HOW TO COMPLETE THIS TASK: Your answer must be the lines from the first record through the line that contains "8月はサッカーやバスケット、", copied exactly and without any pictures.

Items listed in a dataset
== Segment start ==
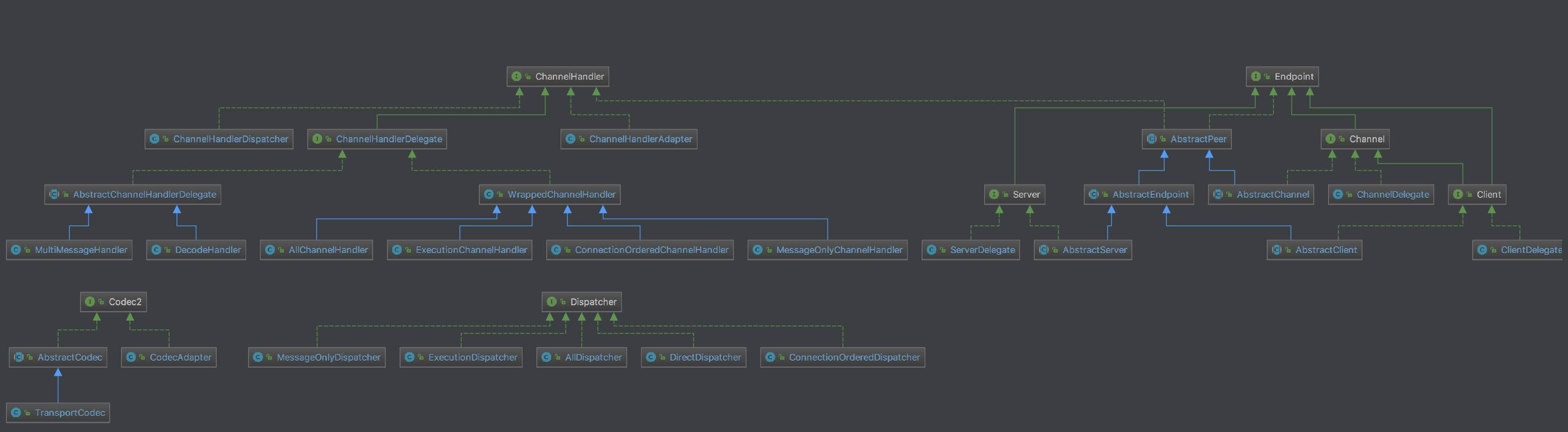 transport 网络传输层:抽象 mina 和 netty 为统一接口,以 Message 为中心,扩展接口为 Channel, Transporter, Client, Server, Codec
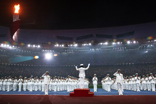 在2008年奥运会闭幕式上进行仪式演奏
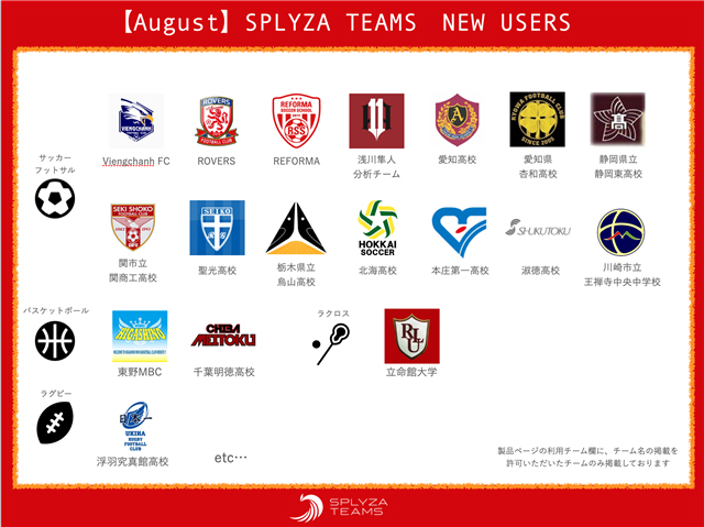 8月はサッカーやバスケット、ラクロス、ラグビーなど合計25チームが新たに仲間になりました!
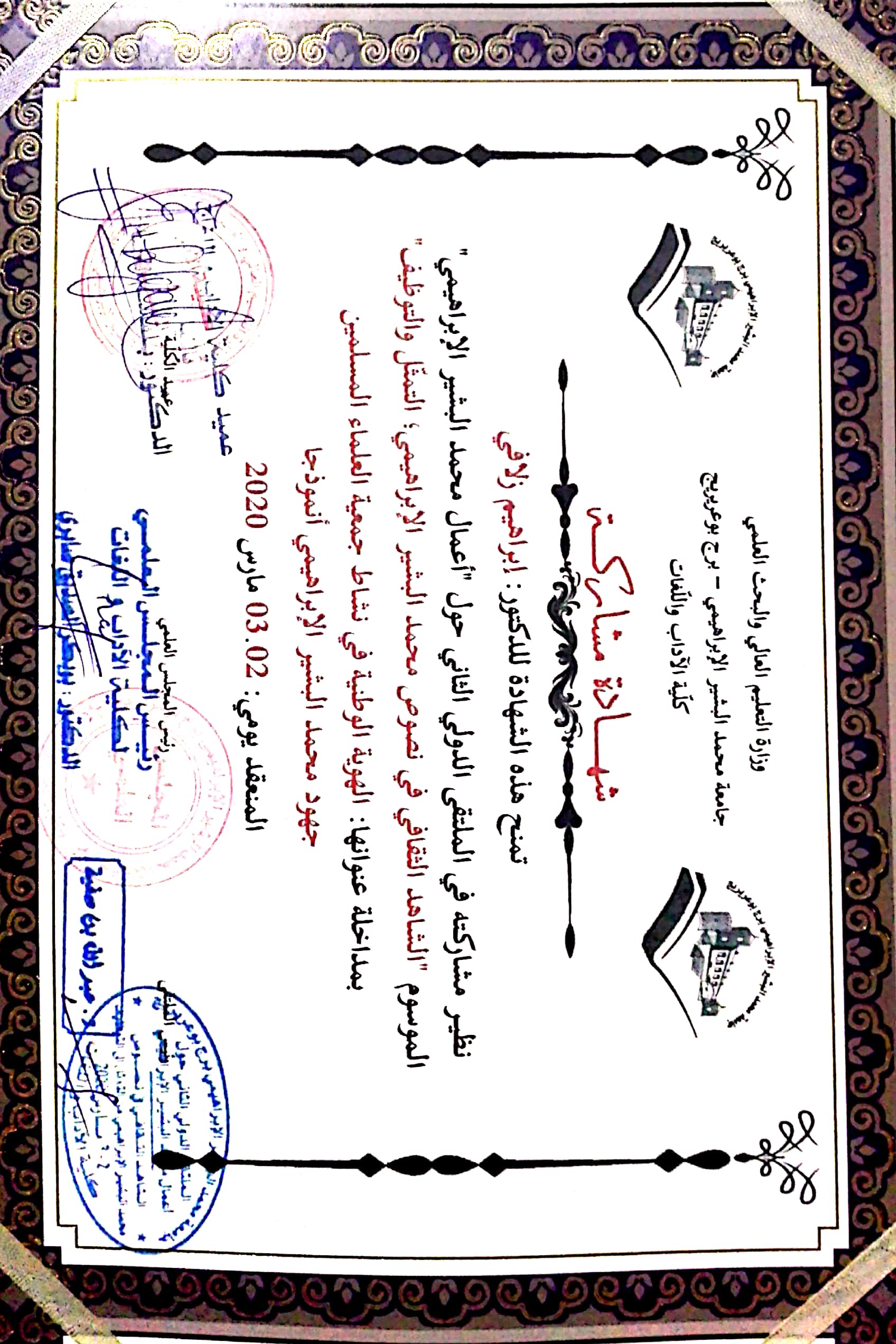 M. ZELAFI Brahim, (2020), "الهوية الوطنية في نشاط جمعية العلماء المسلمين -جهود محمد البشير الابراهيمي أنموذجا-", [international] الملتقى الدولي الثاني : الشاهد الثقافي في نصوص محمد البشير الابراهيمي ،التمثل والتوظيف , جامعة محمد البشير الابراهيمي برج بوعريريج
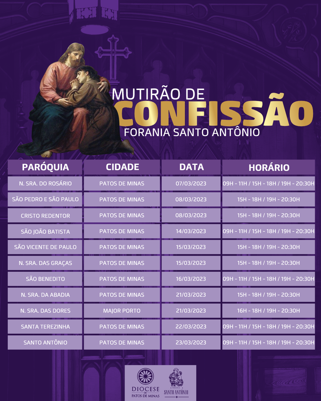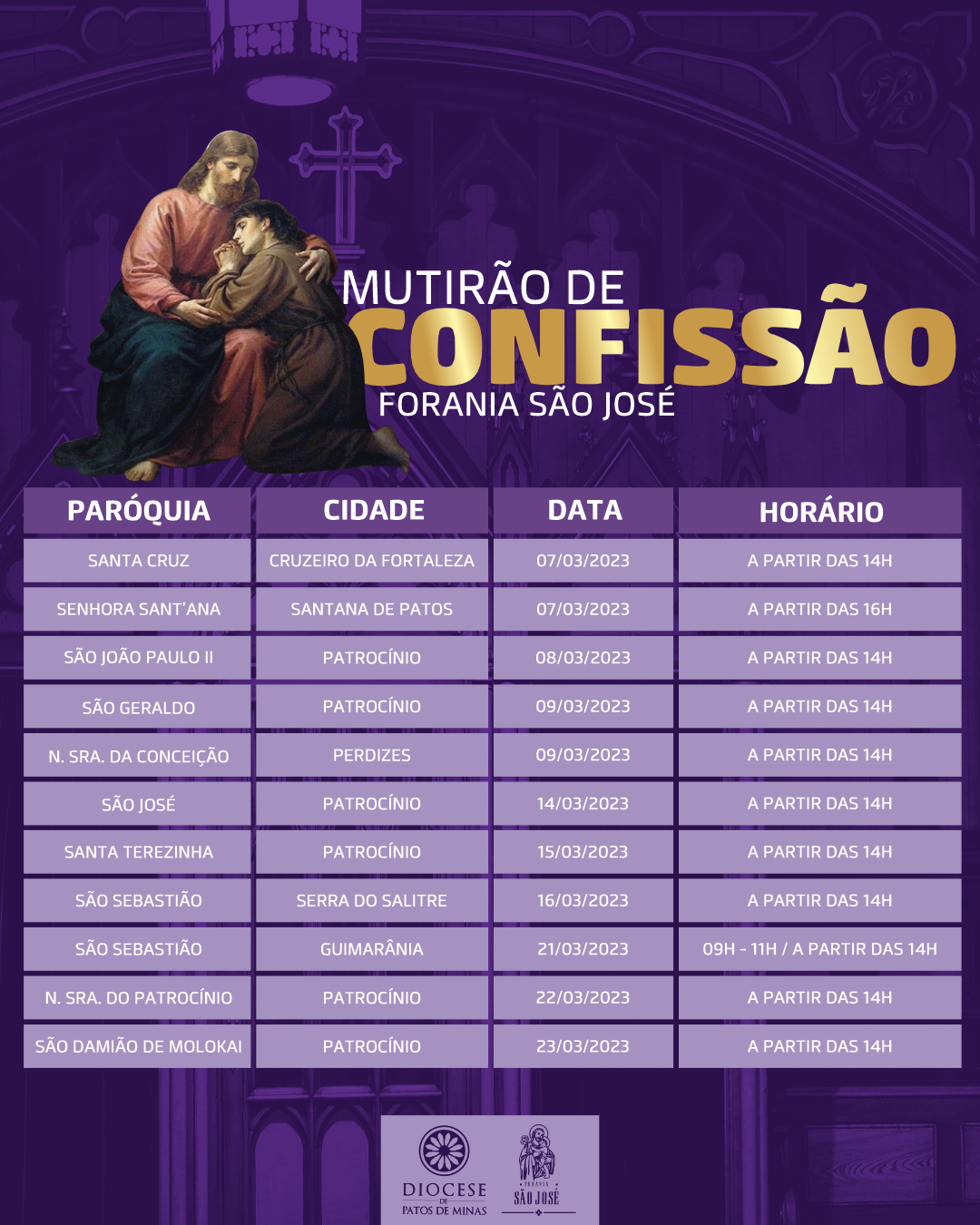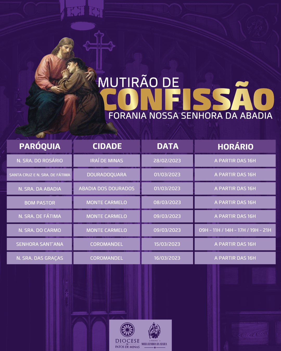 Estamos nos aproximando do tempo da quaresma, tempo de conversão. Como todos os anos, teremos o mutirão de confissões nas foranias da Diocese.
== Segment end ==
ANSWER TO THIS PROBLEM:
 transport 网络传输层:抽象 mina 和 netty 为统一接口,以 Message 为中心,扩展接口为 Channel, Transporter, Client, Server, Codec
 在2008年奥运会闭幕式上进行仪式演奏
 8月はサッカーやバスケット、ラクロス、ラグビーなど合計25チームが新たに仲間になりました!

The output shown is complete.